Ownership and permissions
File and directory permissions
Linux assigns each file and directory an owner and allows the owner to set basic security settings on the file or directory.
Ownership
Linux has a three-tiered approach to protecting files and directories:
- Owner
- Linux assigns each file and directory is assigned to an owner. The admin can assign the owner privileges to the file or directory.
- Group
- Linux can assign each file and directory a single group of users. The admin can assign the group privileges that are different than the owner
- Others
- Assigned to any user account that is not the owner or in the assigned group.
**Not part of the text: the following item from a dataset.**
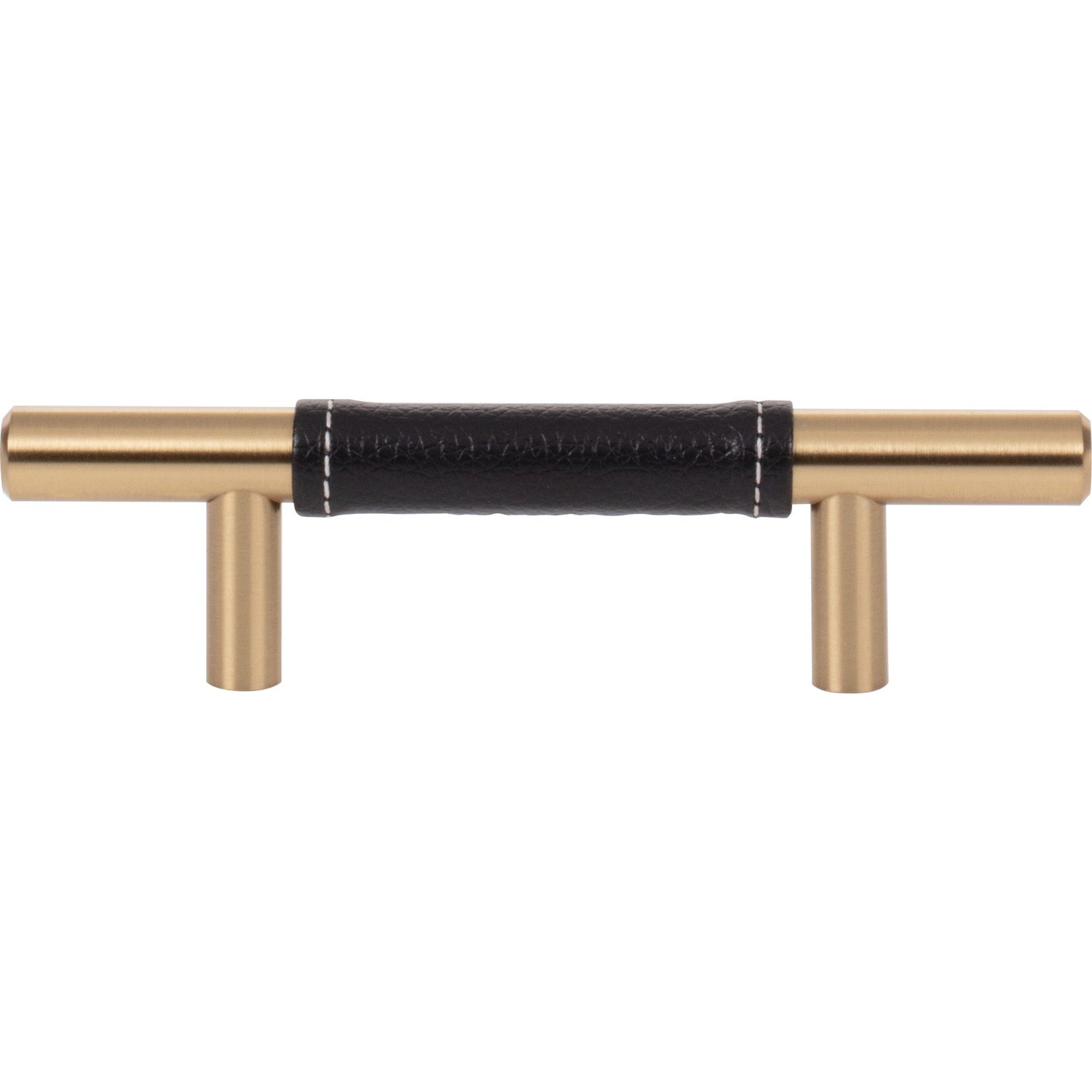 Zanzibar Black Leather Pull 3 Inch (c-c) Warm Brass

# ubuntu and rocky assign each user account to a separate group with the same name as the user acct
ll
-rw-rw-r-- 1 <ownername> <groupname> 31 Mar 18 19:19 alphabet.txt
chown
Change the owner assigned to a file or directory.
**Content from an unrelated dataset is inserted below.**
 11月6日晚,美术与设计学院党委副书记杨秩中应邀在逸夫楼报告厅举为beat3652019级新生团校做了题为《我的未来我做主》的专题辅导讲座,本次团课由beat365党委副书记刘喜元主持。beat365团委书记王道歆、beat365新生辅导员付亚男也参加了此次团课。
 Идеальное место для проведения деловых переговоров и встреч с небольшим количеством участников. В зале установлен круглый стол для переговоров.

chown [options] newowner [ filenames | directorynames ]
-R # recursively changes the owner for all files in a directory
# change owner
sudo chown linuxuser alphabet.txt
ll
total 72
-rw-rw-r-- 1 linuxuser groupname 31 Mar 18 19:19 alphabet.txt
# change owner and group at once
chown newowner:newgroup filenames
# example
sudo chown linuxuser:testgroup cat.txt counts.txt tar_tests/
ll
total 72
...
-rw-rw-r-- 1 linuxuser testgroup 31 Mar 18 19:19 alphabet.txt
-rw-rw-r-- 1 linuxuser testgroup 25 Mar 19 23:49 cat.txt
...
-rw-rw-r-- 1 linuxuser testgroup 15 Mar 18 19:19 counts.txt
...
drwxrwxr-x 2 linuxuser testgroup 4096 Apr 7 09:10 tar_tests/
chgrp
The file or directory owner, or the root user can change the group assigned to the file using chgrp:
chgrp [options] newgroup filenames
# change group on file
sudo chgrp testgroup alphabet.txt
ll
total 72
...
-rw-rw-r-- 1 linuxuser testgroup 31 Mar 18 19:19 alphabet.txt
Access permissions
Root user and file or directory owner can change access permissions.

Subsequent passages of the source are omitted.